PA. SUPREME COURT ENDORSES WC CLAIMANT’S EMPLOYER-MANDATED WAIVER OF CLAIMANT’S RIGHTS TO CIVIL CLAIM
Sabrina Bowman v. Sunoco, Inc., (Pa. Supreme Court 4/25/2013)
The Claimant had been employed by Allied Barton Security Services as a security guard. At the start of her employment, she was obliged to sign a disclaimer or waiver form. Pertinently, the waiver provided that, in consideration of her being hired, she waived her rights to file any civil action against any of her employer’s customers, in connection with any claim arising out of a work-related injury.
Claimant was assigned to perform security duties at a Sunoco facility. She sustained a fall down injury in the course of her work, evidently as the result of snow not being cleared from some portion of Sunoco’s outdoor premises.

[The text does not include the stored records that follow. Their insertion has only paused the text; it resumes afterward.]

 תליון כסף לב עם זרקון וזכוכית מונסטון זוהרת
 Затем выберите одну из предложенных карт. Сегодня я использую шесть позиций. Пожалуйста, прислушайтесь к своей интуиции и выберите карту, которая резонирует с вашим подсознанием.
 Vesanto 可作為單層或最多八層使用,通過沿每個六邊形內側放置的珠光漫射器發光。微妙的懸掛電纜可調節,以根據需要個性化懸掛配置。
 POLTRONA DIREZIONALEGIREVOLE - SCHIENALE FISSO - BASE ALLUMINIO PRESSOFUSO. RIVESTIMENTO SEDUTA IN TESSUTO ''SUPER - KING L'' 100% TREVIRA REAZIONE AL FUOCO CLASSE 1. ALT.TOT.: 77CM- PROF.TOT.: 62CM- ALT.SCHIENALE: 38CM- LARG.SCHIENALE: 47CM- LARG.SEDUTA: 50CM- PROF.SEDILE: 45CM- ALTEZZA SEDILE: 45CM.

Ms. Bowman made a claim for workers’ compensation benefits, and ultimately settled her WC entitlement by way of Compromise and Release. She also filed suit against Sunoco as a third party under the theory that its negligence caused her work injury.
Sunoco asserted the waiver as a procedural defense. Ms. Bowman argued that §204(a) of the WC Act barred such a waiver. However, the trial court, and the Superior Court, as well as the Supreme Court disagreed.

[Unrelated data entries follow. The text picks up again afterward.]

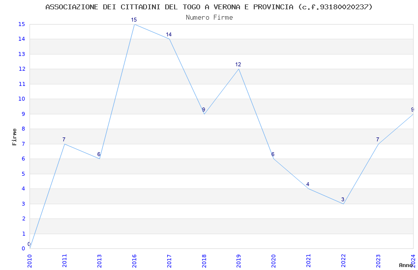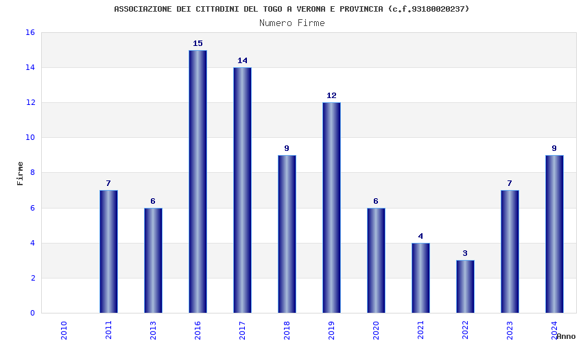 | Anno | Firme | Importi | Media | Naz. | Reg. | Prov. | Comu. |
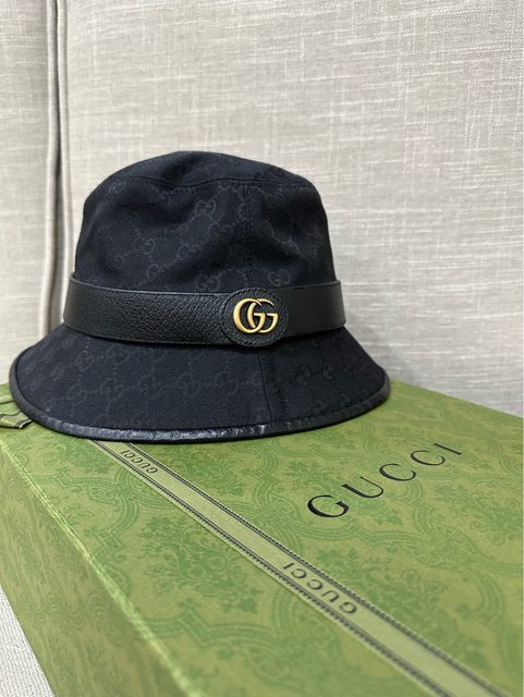 經典GG LOGO帆布皮革飾邊漁夫帽 全新 僅試戴
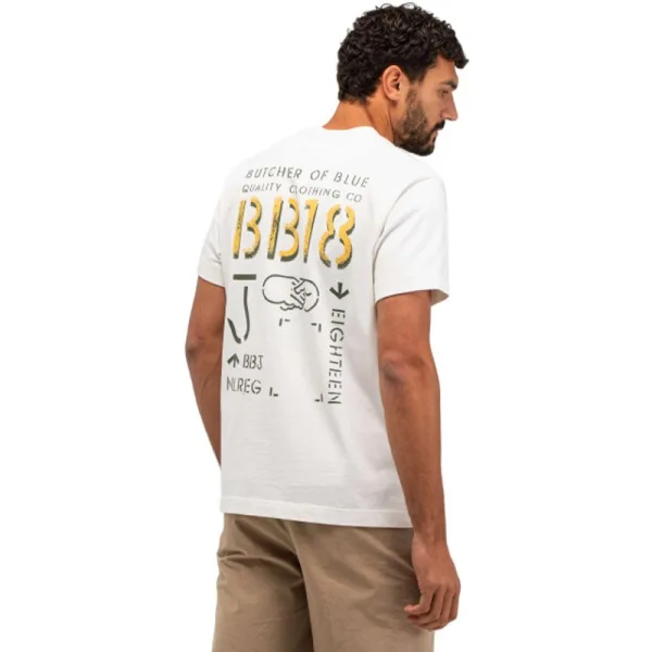 Dit heren T-shirt van Butcher of Blue in off white voelt zacht door het organisch katoen. De ronde hals en loose fit geven je een relaxte, ruimvallende look die soepel valt. Een kleine print op de borst en een royale print op de rug zorgen voor een moderne twist. Mooi op jeans of short voor een frisse, heldere stijl.
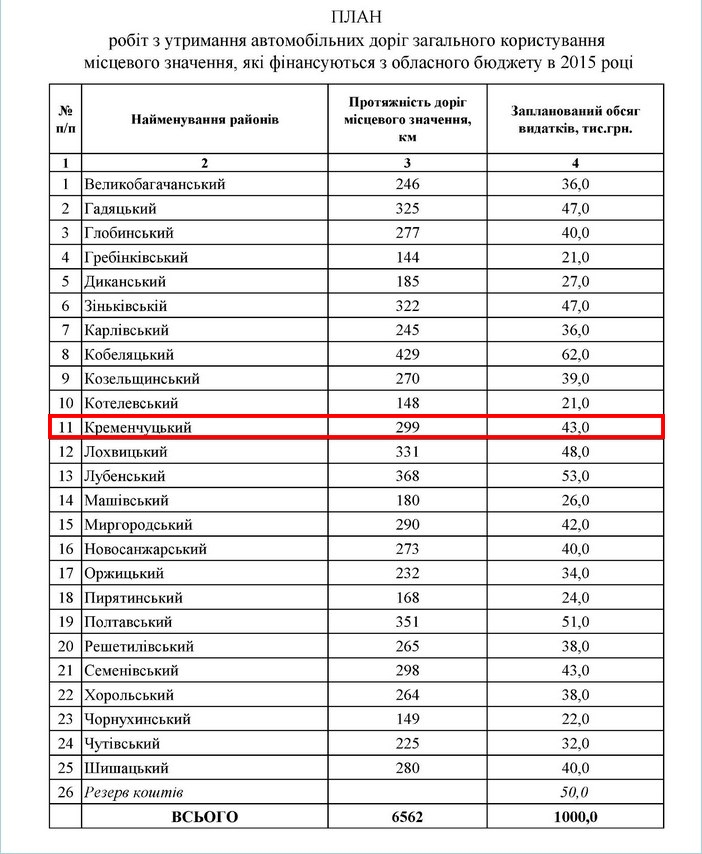 Згідно з планами, у Кременчуцькому районі планують відремонтувати 299 км доріг (зробити ямковий ремонт). Коштуватиме він - 43 тис. грн.
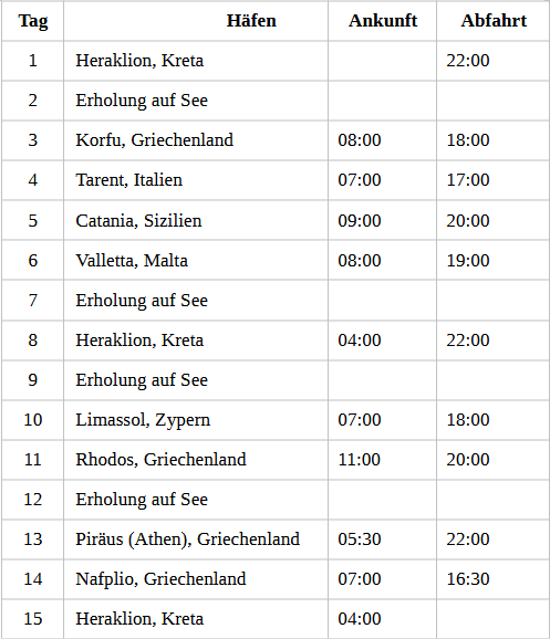 Kreuzfahrt Östliches Mittelmeer intensiv: Heraklion (Kreta), Insel Korfu, Tarent (Italien), Catania (Sizilien), La Valletta (Malta), Heraklion (Kreta), Limassol (Zypern), Insel Rhodos, Piräus (Athen), Nafplio (Griechenland), Heraklion (Kreta)
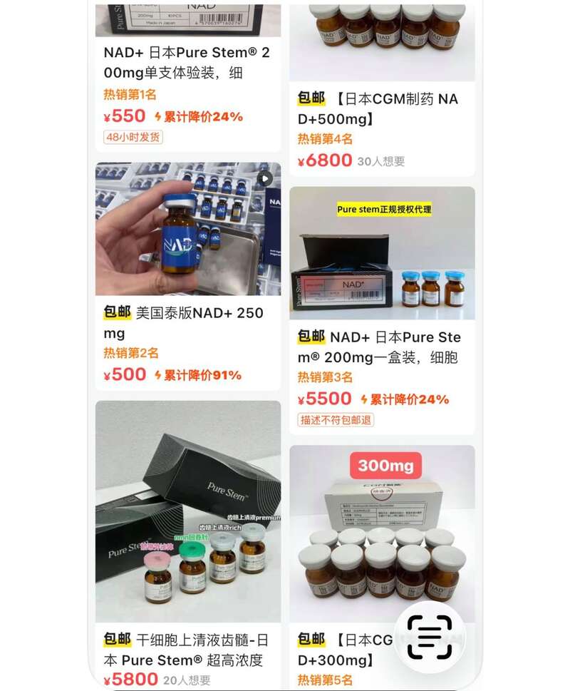 记者在闲鱼平台看到,有卖家直接出售多款所谓“院线同款”的NAD+针剂,产地包括日本、英国、美国等,品牌各异。以最便宜的单支50毫克定价550元的针剂为例,卖家向记者介绍:“自行复配100毫升盐水就可以注射使用,保证正品。”
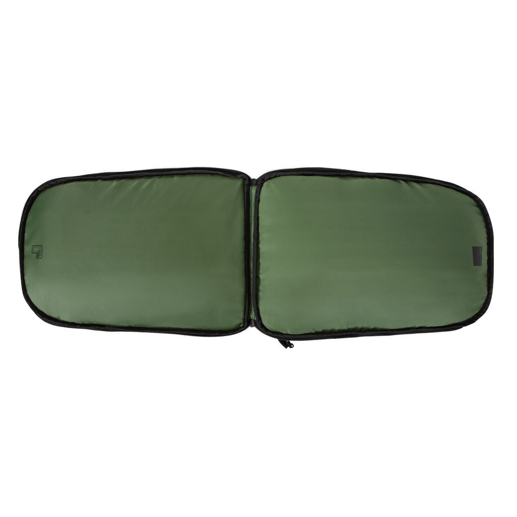 A colorful green interior lightens the case, making items stored inside more visible. Both sleek and sporty, the Spruce line offers a durable option with carefully selected materials to minimize your carbon footprint.
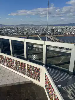 Once you reach the rooftop observatory, you’re treated to a breathtaking view of Osaka city, giving you a liberating sense of openness. Visiting around sunset is especially magical, as you can enjoy both the night view and the twilight glow. 🌇 One amusing feature is the area where couples can attach locks, reminiscent of Seoul’s Namsan Tower. It was unexpected but charming to see couples lovingly securing their locks, which brought a smile to my face. 😆

The Supreme Court provided a lengthy discussion of the legislative purpose of the Workers’ Compensation Act, especially the underlying premise that the WC Act consisted of a bargain between employers and employees to adjudicate liability for work injuries without the burden of proving or defending a civil negligence claim as between the employee and the employer. However, the Court found that the §204(a) bar of any waiver of an employee’s rights under the Workers’ Compensation Act did not apply to civil actions against third parties.
What may be of more interest to you, however, is the balancing of interests made by the employer, Allied Barton. Here, as a service vendor to Sunoco, presumably a major customer, Allied Barton evidently determined that placating Sunoco (by providing it with a built-in procedural defense to civil claims such as the one filed by Ms. Bowman) was more important than mitigating its workers’ compensation exposure. After all, these business interests aside; Allied Barton’s insistence that Claimant waive any civil action necessarily eliminated any opportunity for subrogation under §319 of the WC Act.